Required work
Transcribe each line of the material as it is, and drop any picture.

Supplied data
----
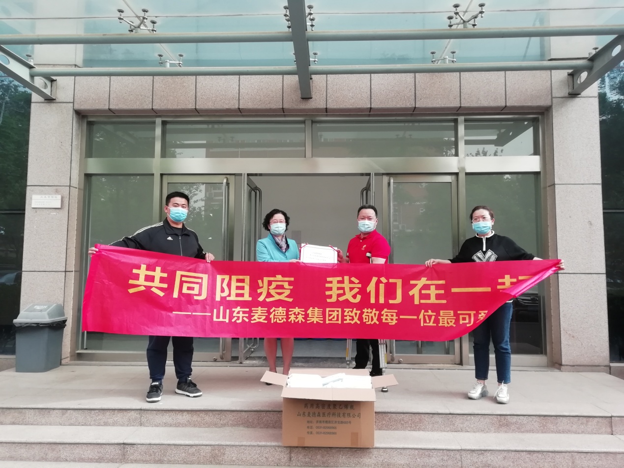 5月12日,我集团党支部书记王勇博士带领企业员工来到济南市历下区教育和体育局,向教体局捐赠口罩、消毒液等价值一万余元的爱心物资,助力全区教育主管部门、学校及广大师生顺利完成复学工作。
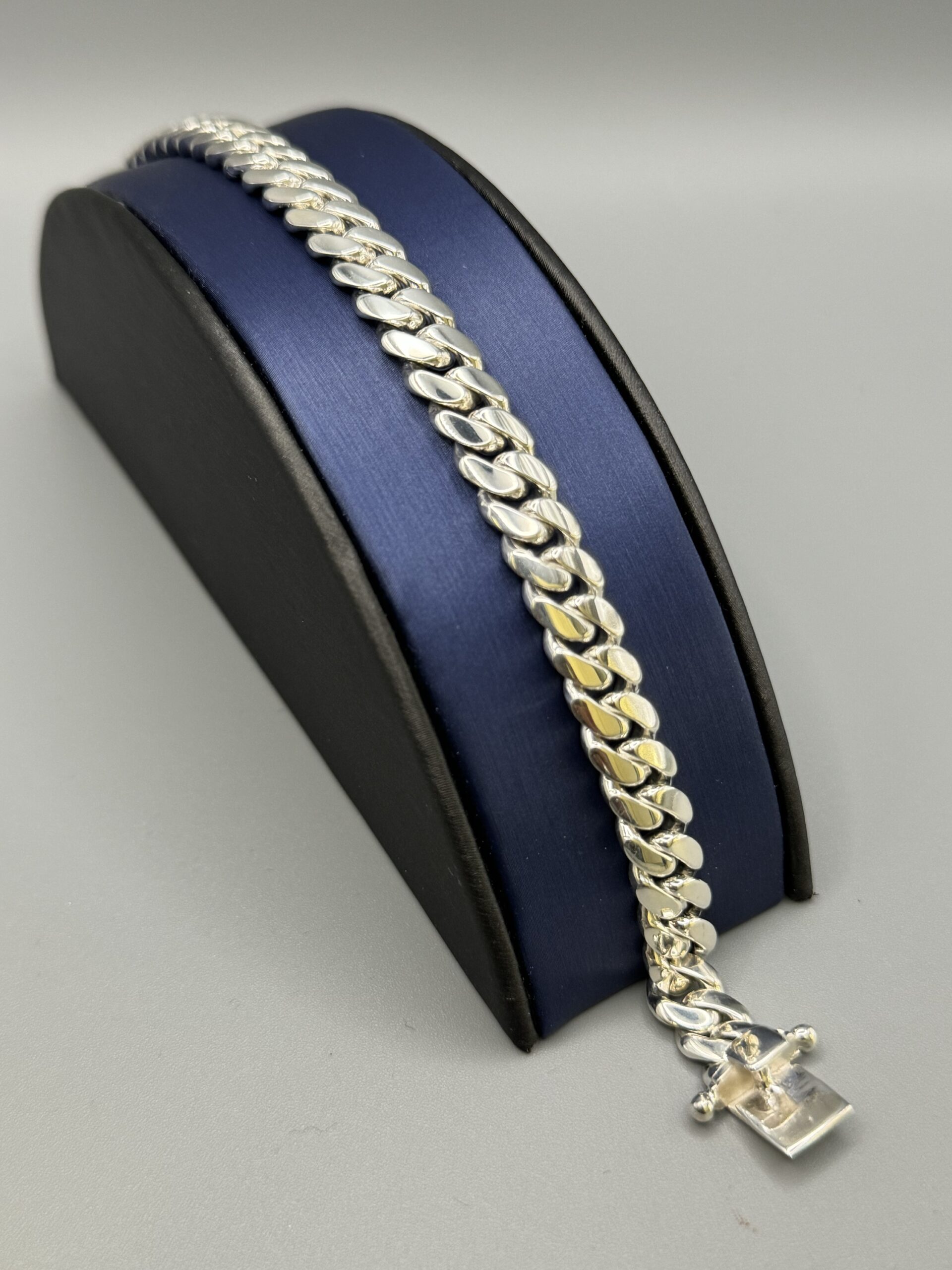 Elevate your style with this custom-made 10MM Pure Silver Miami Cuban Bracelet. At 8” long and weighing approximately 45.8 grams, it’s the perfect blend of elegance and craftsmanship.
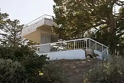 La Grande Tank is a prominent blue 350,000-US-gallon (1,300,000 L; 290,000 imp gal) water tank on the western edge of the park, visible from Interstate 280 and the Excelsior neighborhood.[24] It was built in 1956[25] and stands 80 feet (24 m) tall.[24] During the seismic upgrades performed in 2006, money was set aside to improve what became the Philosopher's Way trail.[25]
----
Written reply
 5月12日,我集团党支部书记王勇博士带领企业员工来到济南市历下区教育和体育局,向教体局捐赠口罩、消毒液等价值一万余元的爱心物资,助力全区教育主管部门、学校及广大师生顺利完成复学工作。
 Elevate your style with this custom-made 10MM Pure Silver Miami Cuban Bracelet. At 8” long and weighing approximately 45.8 grams, it’s the perfect blend of elegance and craftsmanship.
 La Grande Tank is a prominent blue 350,000-US-gallon (1,300,000 L; 290,000 imp gal) water tank on the western edge of the park, visible from Interstate 280 and the Excelsior neighborhood.[24] It was built in 1956[25] and stands 80 feet (24 m) tall.[24] During the seismic upgrades performed in 2006, money was set aside to improve what became the Philosopher's Way trail.[25]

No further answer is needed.